■ The problem ■
Leave the pictures out. Retype exactly the lines below from the one containing "11月25日,William" through the one containing "Grauer Pullover mit", and no others.

■ Record set ■
((
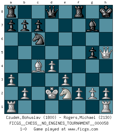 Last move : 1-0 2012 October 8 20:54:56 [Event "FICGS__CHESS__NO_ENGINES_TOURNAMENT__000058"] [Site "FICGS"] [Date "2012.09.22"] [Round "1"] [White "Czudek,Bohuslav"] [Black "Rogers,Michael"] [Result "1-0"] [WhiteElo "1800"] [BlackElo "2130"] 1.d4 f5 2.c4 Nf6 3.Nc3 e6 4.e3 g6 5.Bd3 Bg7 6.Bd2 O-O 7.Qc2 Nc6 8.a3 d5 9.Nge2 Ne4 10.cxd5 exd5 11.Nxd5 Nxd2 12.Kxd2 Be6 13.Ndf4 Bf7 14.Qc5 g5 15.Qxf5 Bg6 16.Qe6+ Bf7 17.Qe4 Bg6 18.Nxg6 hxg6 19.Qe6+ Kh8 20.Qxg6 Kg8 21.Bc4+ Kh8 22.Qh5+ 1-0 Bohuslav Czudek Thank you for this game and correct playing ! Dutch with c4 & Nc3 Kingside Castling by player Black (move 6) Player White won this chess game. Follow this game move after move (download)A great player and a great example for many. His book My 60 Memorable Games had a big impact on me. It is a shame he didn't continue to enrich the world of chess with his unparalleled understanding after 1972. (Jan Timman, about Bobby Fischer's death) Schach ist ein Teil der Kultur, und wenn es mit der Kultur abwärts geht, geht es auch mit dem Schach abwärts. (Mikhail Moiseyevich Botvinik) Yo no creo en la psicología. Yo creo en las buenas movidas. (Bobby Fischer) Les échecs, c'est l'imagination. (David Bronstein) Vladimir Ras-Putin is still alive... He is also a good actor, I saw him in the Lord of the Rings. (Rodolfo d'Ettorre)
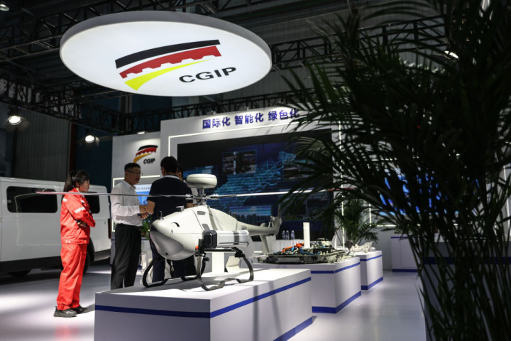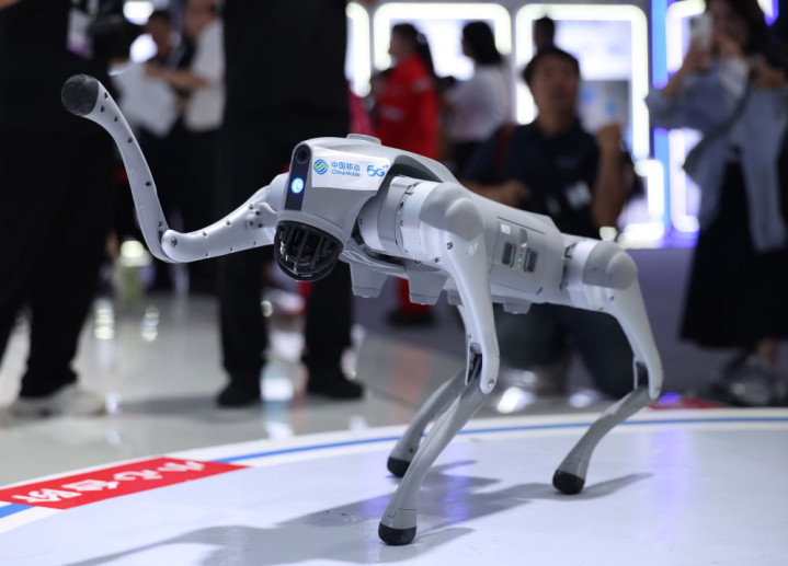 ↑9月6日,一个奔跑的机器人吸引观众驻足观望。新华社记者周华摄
))
((
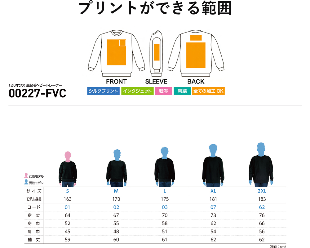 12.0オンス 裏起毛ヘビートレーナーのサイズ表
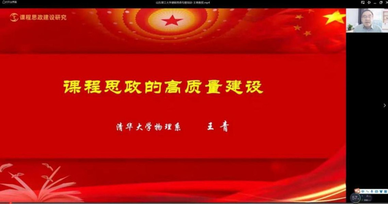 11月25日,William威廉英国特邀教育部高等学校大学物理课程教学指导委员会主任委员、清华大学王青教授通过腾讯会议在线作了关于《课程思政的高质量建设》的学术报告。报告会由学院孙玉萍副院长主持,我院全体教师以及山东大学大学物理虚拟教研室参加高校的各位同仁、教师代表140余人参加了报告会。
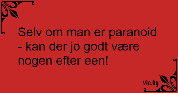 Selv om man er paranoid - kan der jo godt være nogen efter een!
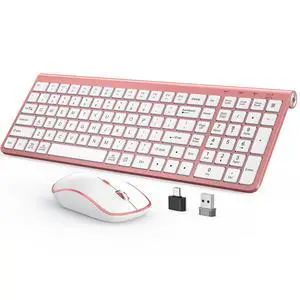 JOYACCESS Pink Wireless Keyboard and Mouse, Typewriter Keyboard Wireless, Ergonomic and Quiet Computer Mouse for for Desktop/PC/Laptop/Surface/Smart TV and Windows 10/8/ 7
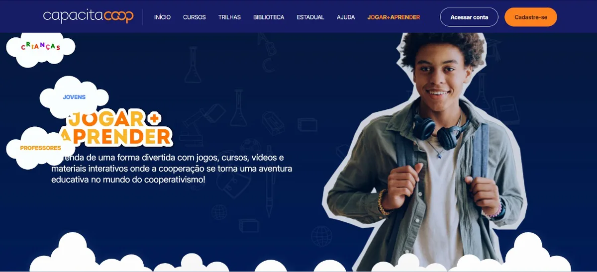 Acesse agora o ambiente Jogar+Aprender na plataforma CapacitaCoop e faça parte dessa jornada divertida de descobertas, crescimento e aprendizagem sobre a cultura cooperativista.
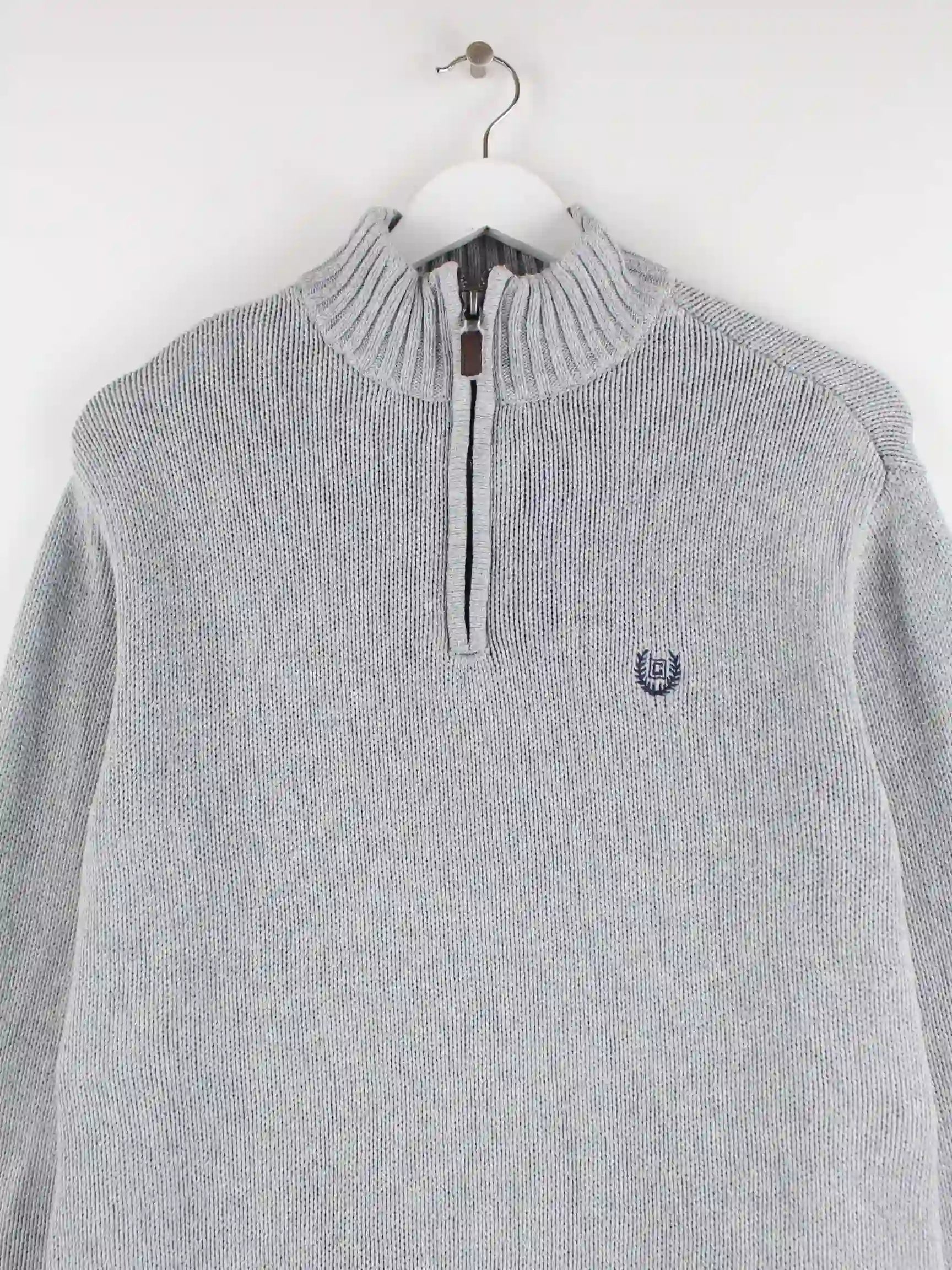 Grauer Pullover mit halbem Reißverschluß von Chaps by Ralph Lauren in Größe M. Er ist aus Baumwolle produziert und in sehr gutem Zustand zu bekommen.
))
■ Result below ■
 11月25日,William威廉英国特邀教育部高等学校大学物理课程教学指导委员会主任委员、清华大学王青教授通过腾讯会议在线作了关于《课程思政的高质量建设》的学术报告。报告会由学院孙玉萍副院长主持,我院全体教师以及山东大学大学物理虚拟教研室参加高校的各位同仁、教师代表140余人参加了报告会。
 Selv om man er paranoid - kan der jo godt være nogen efter een!
 JOYACCESS Pink Wireless Keyboard and Mouse, Typewriter Keyboard Wireless, Ergonomic and Quiet Computer Mouse for for Desktop/PC/Laptop/Surface/Smart TV and Windows 10/8/ 7
 Acesse agora o ambiente Jogar+Aprender na plataforma CapacitaCoop e faça parte dessa jornada divertida de descobertas, crescimento e aprendizagem sobre a cultura cooperativista.
 Grauer Pullover mit halbem Reißverschluß von Chaps by Ralph Lauren in Größe M. Er ist aus Baumwolle produziert und in sehr gutem Zustand zu bekommen.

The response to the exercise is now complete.